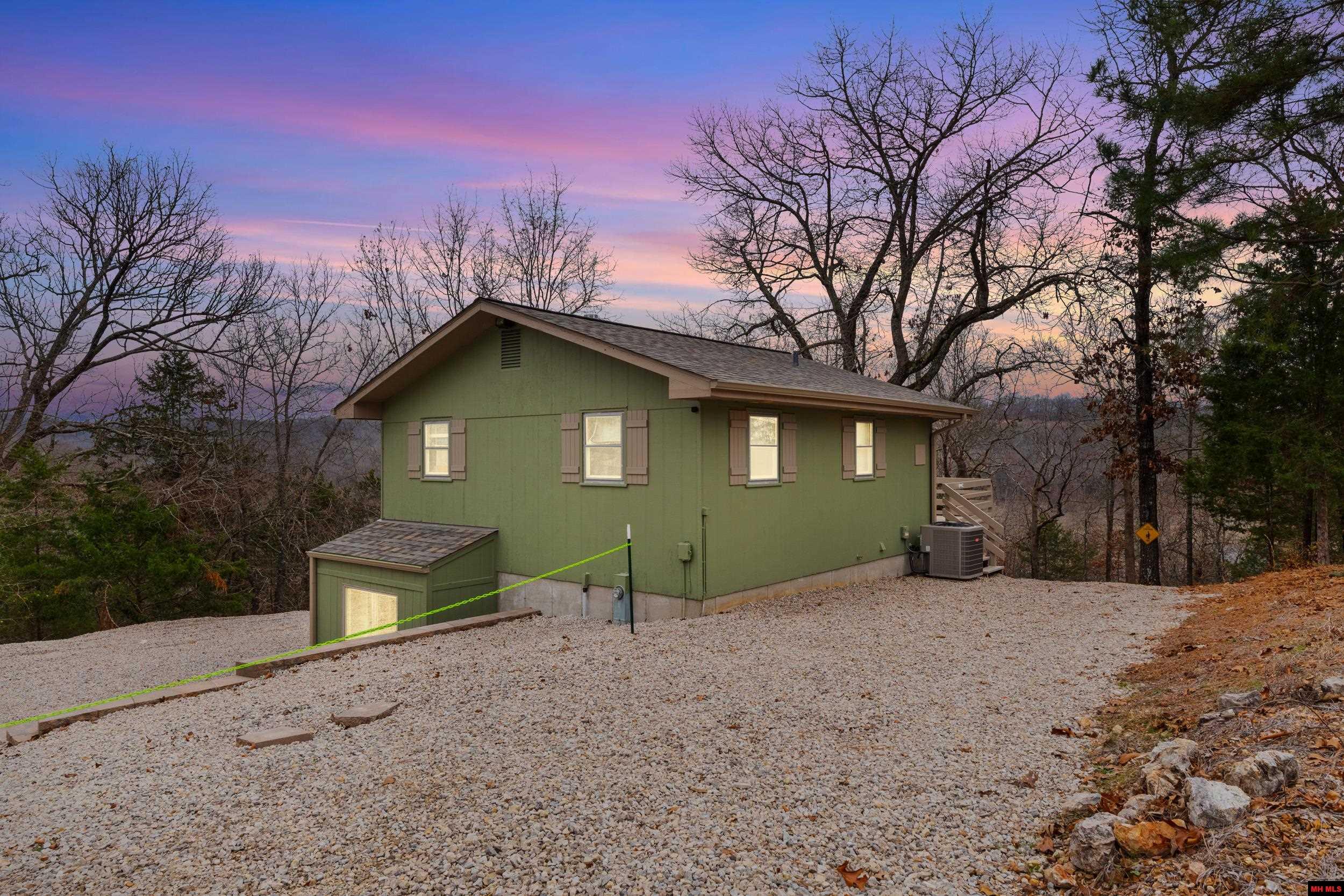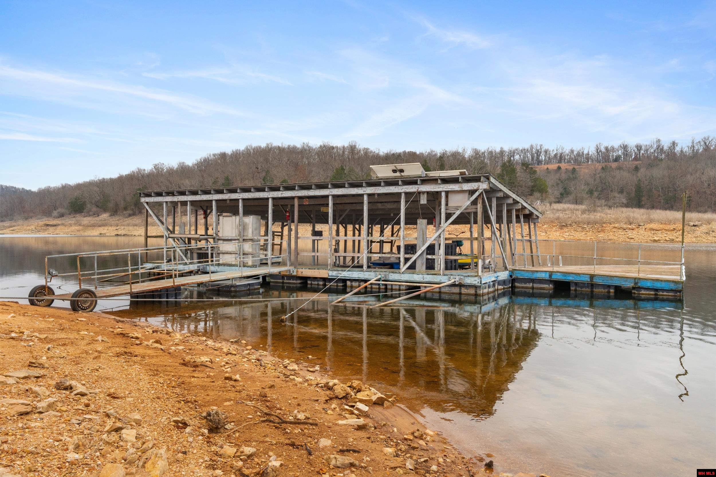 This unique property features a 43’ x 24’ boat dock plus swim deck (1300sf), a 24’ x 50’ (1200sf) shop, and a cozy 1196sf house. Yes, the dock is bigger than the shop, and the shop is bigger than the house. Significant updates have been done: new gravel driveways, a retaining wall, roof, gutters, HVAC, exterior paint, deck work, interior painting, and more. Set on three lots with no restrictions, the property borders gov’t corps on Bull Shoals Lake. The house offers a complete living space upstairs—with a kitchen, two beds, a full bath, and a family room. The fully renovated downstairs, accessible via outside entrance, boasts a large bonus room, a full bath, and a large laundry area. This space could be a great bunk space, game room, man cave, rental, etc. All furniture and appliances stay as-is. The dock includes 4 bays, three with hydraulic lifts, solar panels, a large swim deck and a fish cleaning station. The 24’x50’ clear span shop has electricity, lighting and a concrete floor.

--

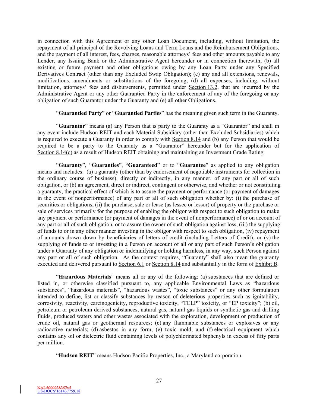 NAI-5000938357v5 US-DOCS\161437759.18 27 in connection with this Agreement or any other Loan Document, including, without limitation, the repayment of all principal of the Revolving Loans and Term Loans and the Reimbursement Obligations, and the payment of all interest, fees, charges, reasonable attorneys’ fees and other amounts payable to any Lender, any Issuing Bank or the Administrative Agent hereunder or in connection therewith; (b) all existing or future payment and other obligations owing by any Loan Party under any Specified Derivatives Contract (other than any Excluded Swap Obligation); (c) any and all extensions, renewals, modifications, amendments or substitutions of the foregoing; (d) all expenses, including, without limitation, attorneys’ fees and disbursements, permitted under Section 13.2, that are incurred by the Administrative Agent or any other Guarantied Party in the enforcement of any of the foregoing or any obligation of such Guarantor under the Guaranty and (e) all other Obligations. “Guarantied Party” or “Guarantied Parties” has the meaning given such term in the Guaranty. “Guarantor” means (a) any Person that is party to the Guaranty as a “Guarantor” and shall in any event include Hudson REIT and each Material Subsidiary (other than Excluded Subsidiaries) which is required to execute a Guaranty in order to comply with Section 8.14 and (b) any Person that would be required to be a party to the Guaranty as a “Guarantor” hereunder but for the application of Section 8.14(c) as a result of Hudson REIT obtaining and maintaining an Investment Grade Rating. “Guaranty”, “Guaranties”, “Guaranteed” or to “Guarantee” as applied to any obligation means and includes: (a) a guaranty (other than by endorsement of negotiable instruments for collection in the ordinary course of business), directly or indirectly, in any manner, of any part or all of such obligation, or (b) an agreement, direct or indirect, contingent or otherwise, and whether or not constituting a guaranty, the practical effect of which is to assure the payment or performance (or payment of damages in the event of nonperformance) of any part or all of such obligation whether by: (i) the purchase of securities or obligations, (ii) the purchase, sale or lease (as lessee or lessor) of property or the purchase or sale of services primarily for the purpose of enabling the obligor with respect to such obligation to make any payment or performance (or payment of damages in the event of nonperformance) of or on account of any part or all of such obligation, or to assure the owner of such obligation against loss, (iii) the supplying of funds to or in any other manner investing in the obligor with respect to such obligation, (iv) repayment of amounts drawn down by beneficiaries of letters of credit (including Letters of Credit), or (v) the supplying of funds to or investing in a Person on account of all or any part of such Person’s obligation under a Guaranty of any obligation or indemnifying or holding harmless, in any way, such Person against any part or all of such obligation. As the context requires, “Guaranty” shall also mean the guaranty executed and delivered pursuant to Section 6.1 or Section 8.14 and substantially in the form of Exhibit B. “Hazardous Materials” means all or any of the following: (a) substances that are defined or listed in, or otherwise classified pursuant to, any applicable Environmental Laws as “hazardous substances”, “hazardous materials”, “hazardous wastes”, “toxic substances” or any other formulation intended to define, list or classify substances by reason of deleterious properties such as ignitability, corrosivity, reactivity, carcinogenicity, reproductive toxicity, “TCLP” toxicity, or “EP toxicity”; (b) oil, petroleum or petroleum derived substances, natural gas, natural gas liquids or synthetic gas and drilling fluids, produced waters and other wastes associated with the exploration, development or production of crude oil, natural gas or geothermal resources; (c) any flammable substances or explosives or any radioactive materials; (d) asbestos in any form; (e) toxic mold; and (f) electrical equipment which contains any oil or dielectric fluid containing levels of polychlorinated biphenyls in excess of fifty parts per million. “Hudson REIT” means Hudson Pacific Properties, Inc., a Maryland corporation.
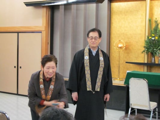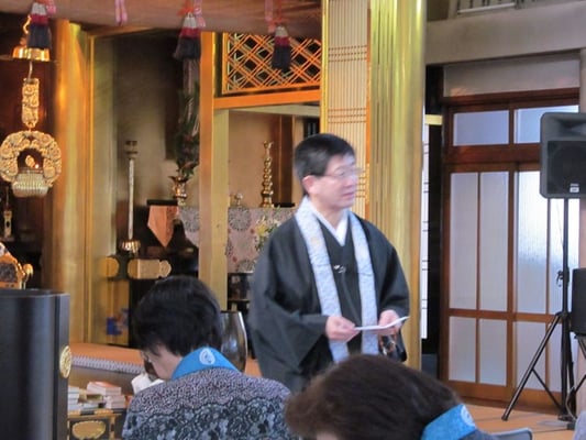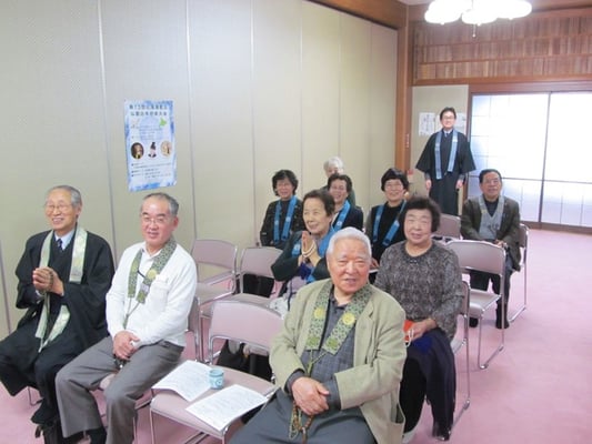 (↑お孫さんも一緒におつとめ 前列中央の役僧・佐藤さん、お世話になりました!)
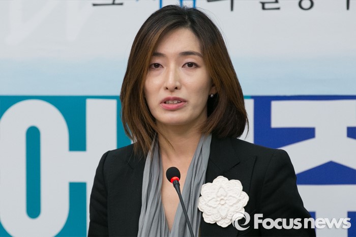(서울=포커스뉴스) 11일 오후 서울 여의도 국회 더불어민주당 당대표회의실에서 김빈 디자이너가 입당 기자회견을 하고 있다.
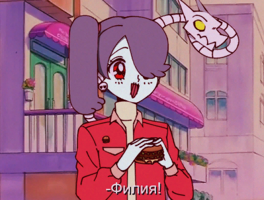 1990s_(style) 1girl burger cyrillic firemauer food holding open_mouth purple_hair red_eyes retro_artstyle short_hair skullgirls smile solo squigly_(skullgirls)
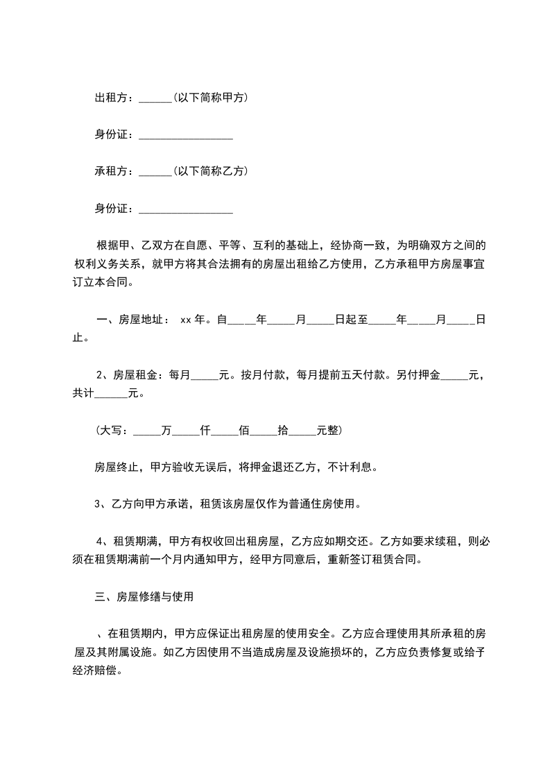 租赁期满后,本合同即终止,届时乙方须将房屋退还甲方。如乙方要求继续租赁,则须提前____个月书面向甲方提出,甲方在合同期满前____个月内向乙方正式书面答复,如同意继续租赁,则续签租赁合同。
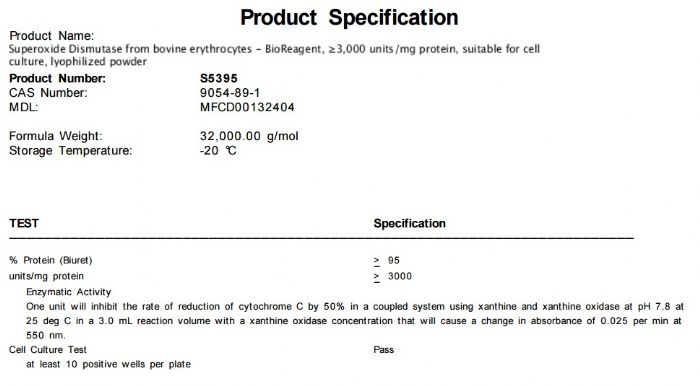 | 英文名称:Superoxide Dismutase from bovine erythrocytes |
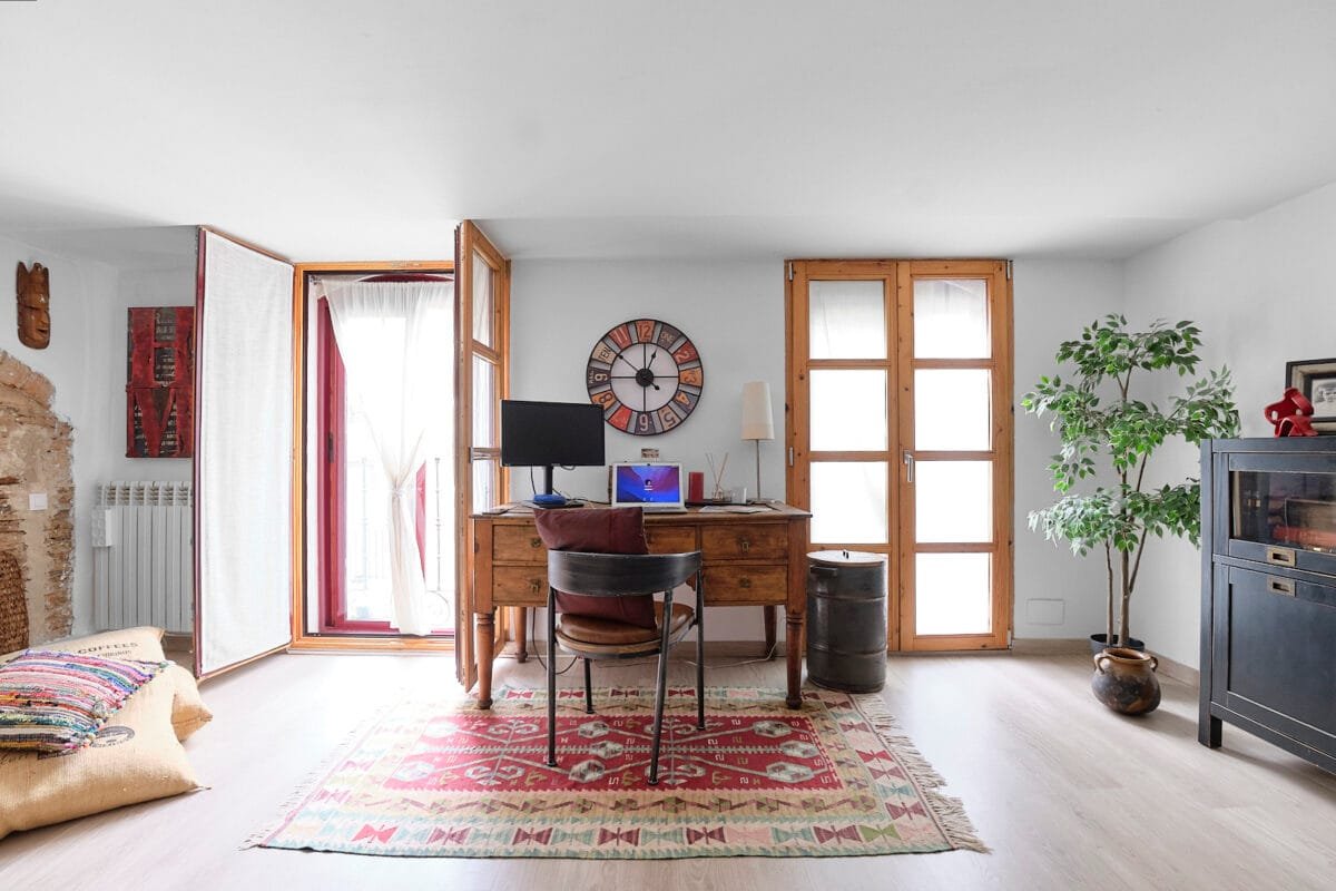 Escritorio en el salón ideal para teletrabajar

■ Work task: Without the pictures, give again exactly the lines above starting at the line containing "租赁期满后,本合同即终止,届" and ending at the line containing "Escritorio en el".

■ Answer:
 租赁期满后,本合同即终止,届时乙方须将房屋退还甲方。如乙方要求继续租赁,则须提前____个月书面向甲方提出,甲方在合同期满前____个月内向乙方正式书面答复,如同意继续租赁,则续签租赁合同。
 | 英文名称:Superoxide Dismutase from bovine erythrocytes |
 Escritorio en el salón ideal para teletrabajar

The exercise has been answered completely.